§ The task
Write the lines below out exactly, dropping each picture.

§ The data

● ● ●

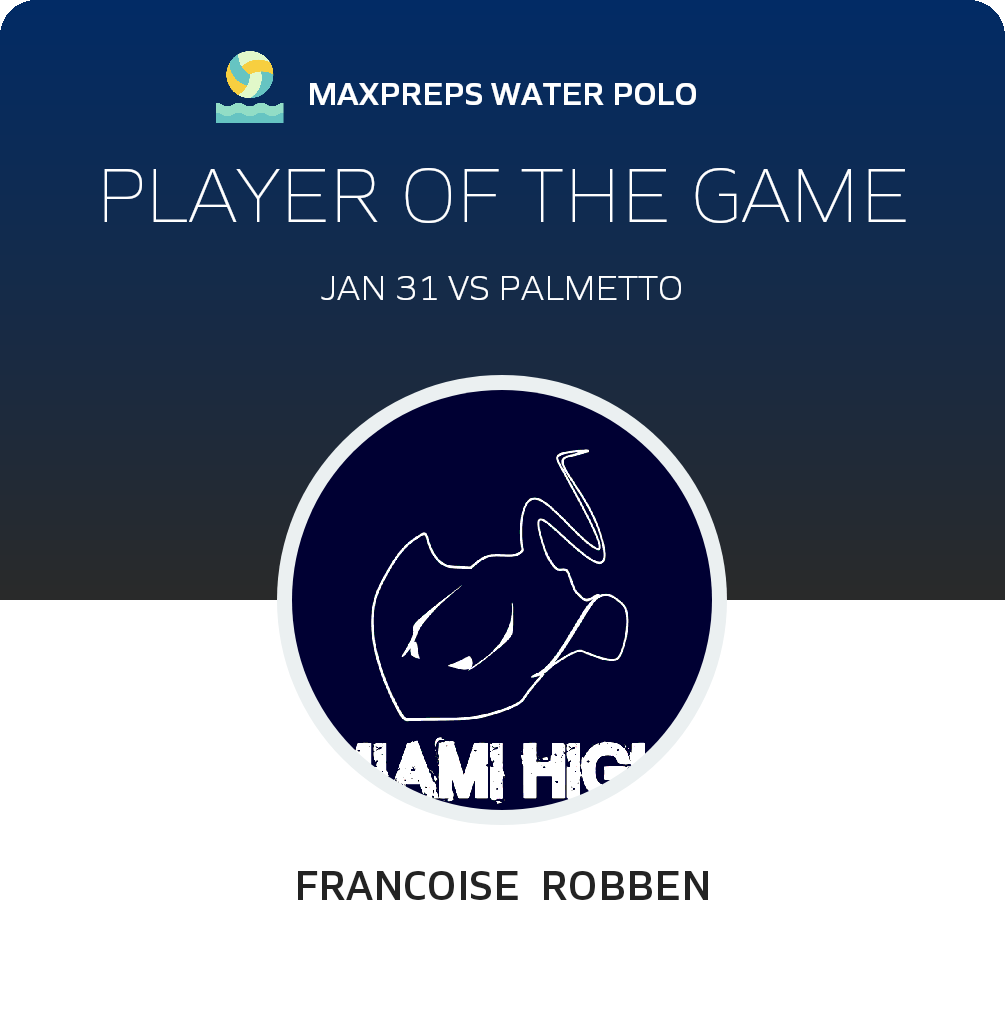 Congratulations to #2 Francoise Robben for being selected the Miami Girls Water Polo Player of the Game.
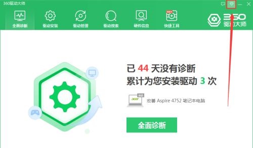 第一步:开启360驱动大师软件,点击右上角方框中的按钮。
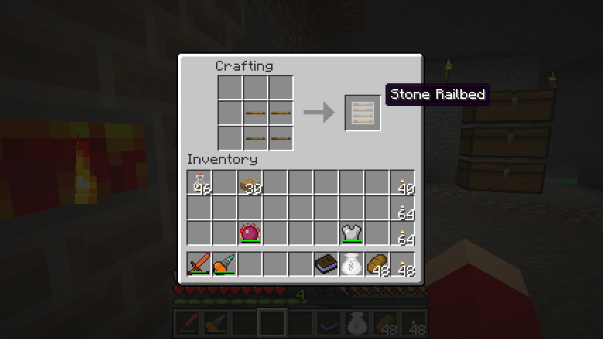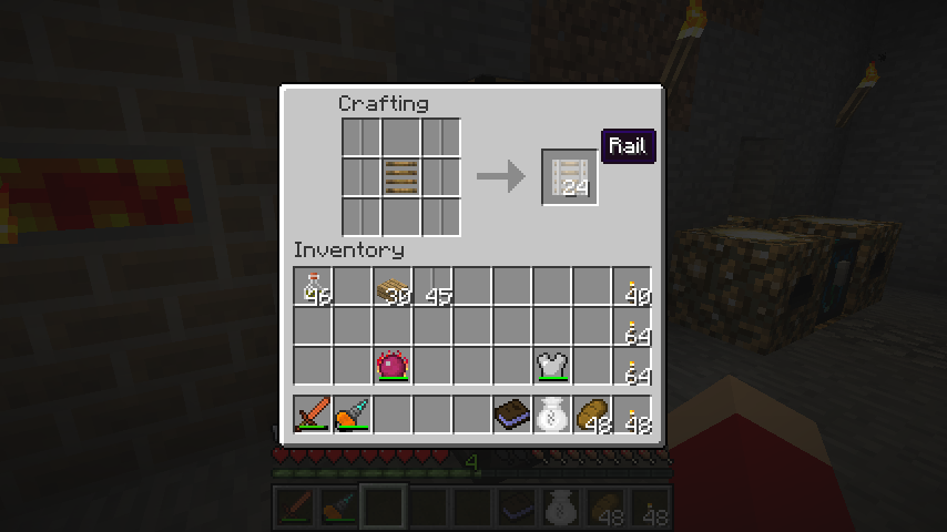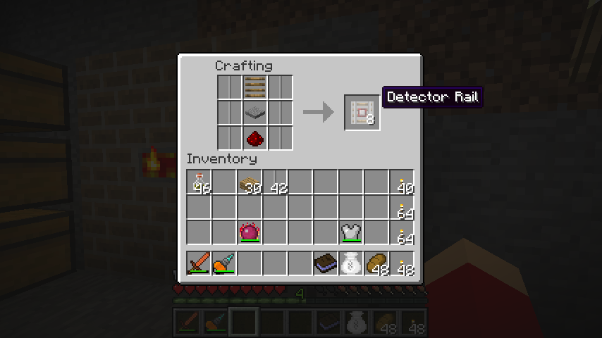 標準レール、木の枕木、石の感圧板、レッドストーンでディテクターレール(Detector Rail)です。
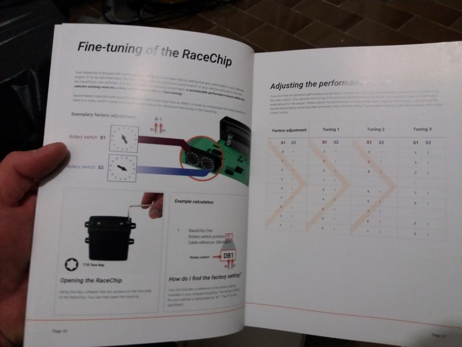 Proizvođač Racechip specificira povećanje snage za 27KS i moment za 40Nm.

● ● ●

§ Result
 Congratulations to #2 Francoise Robben for being selected the Miami Girls Water Polo Player of the Game.
 第一步:开启360驱动大师软件,点击右上角方框中的按钮。
 標準レール、木の枕木、石の感圧板、レッドストーンでディテクターレール(Detector Rail)です。
 Proizvođač Racechip specificira povećanje snage za 27KS i moment za 40Nm.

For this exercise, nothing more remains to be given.